Indigenous artists worldwide respond to environmental destruction
Documenting international Indigenous artists’ responses to the impacts of nuclear testing, nuclear accidents and uranium mining on Native peoples and the environment, Exposure gives artists a voice to address the long-term effects of these manmade disasters on Indigenous communities in the United States and around the world. Indigenous artists from Australia, Canada, Greenland, Japan, the Pacific Islands and the US utilize local and tribal knowledge, as well as Indigenous and contemporary art forms as visual strategies for their works.
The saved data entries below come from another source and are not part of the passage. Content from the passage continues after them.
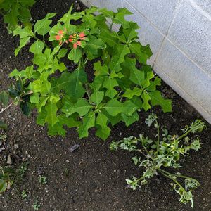 猩猩草(ショウジョウソウ) ここ何年かは朝顔や風船葛と共に種から育てている我が家の夏の定番品👍 …って言いたいが、実は種を蒔いたのはいいが、ひとつも発芽せず💦 なんで⁉️😭 これは去年のこぼれ種がコンクリートの隙間から生えてきた、言わばど根性もの😅 抜くに抜けず、そのまま生やしてます😁 取りあえず来年に繋ぐ種は取れそうでやれやれってとこですな😌
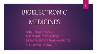 Bioelectronic medicine uses principles of electronics, biology, and neuroscience to develop technologies that can diagnose diseases and regulate biological processes through nerve stimulation and sensing. This includes using implanted devices powered by the body that can replace organ functions like pacemakers for the heart or provide prosthetics for limbs. Applications also include biosensors that can monitor things like body temperature, stress, and movement to provide health and performance data. The field holds promise for new treatments for conditions like heart disease by providing electrical alternatives to drugs or surgery.
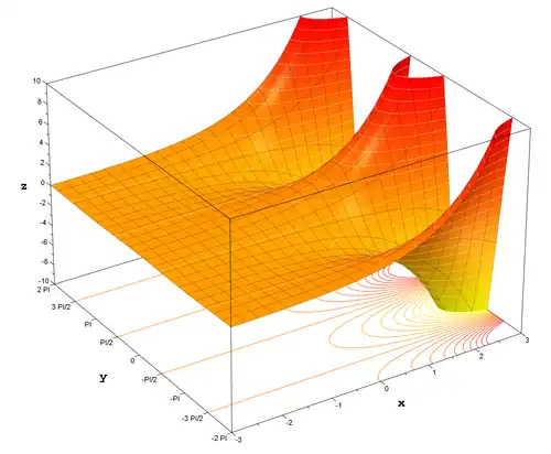 The exponential function exists for any complex number. Plotted above are the real part (left) and the imaginary part (right) of various values of the exponential function in the complex plane. |
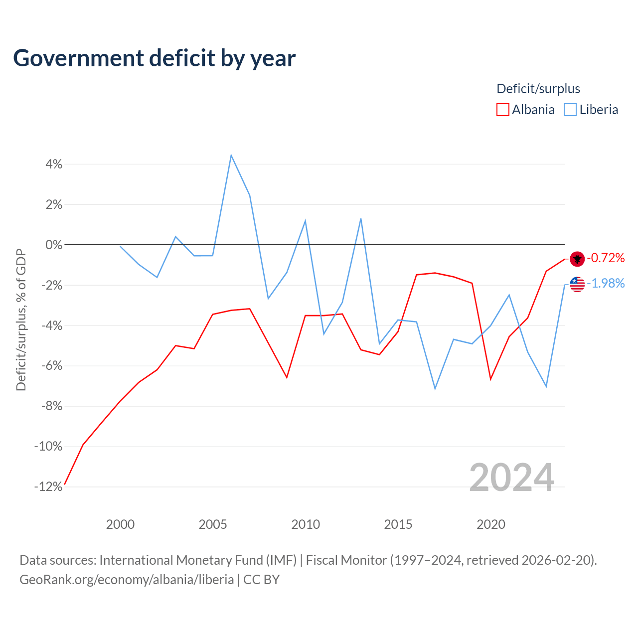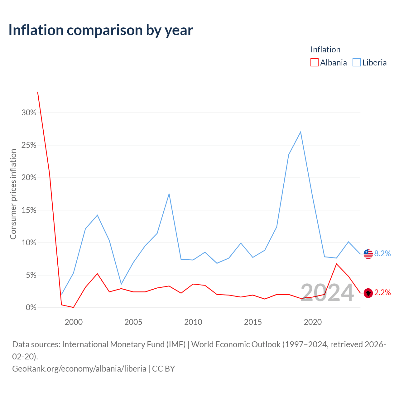 Albania has a GDP of $27B compared to $4.78B for Liberia, ranking 112/197 and 163/197 by economy size, respectively.

Artists include: Carl Beam (Ojibway), De Haven Solimon Chaffins (Laguna/Zuni Pueblos), Miriquita “Micki” Davis (Chamoru), Bonnie Devine (Anishinaabe/Ojibwa), Joy Enomoto (kanaka maoli/Caddo), Solomon Enos (kanaka maloli), Kohei Fujito (Ainu), Kathy Jetñil-Kijiner (Marshallese-Majol), Alexander Lee (Hakka, Tahiti), Dan Taulapapa McMullin (Samoan), David Neel (Kwagu’l), No’u Revilla (kanaka maoli/maoli-Tahitian), Mallery Quetawki (Zuni Pueblo), Chantal Spitz (maohi), Adrian Stimson (Blackfoot), Anna Tsouhlarakis (Diné/Creek/Greek), Munro Te Whata (Maori/Ninuean) and Will Wilson (Diné).